Remember, the FBI has the world’s largest DNA database, but it has never made its database available to independent scientists to examine. The authors have searched online and have been unable to find any definitive answer to even the question of how many DNA profiles it has in its database.21

So, how big does that database have to be before you expect (more than 50% chance) a match between two profiles in the database?

According to Dr. Hampikian, the answer is 65,493. That’s right—65,493. Not one and one-half billion people. Not a billion people. Not five hundred million people. Not a million people. Slightly more that 65,000 people!

So, where did Dr. Hampikian come up with that number? Arizona. That’s right—Arizona.
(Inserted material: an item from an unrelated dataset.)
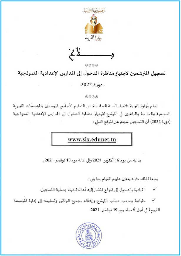 Les élèves souhaitant participer au concours d’entrée aux collèges pilotes (sixième), devront s’inscrire via le site www.six.edunet.tn.

Well, actually, it was the examination of the Arizona DNA database that was performed by Steven P. Meyers, MS, with the California DOJ Jan Bashinski DNA Lab. Dr. Hampikian showed those slides to the audience at the NCADRC Seminar in October 2014.22

You see, among all of the states that have DNA databases, only Arizona has made its DNA database available to scientists to examine. In that examination, the scientists were able to find the following matches:

  • 122 pairs match at 9 of 13 loci
  • 20 pairs match at 10 of 13 loci
  • 1 pair matches at 11 of 13 loci (full siblings)
  • 1 pair matches at 12 of 13 loci (full siblings)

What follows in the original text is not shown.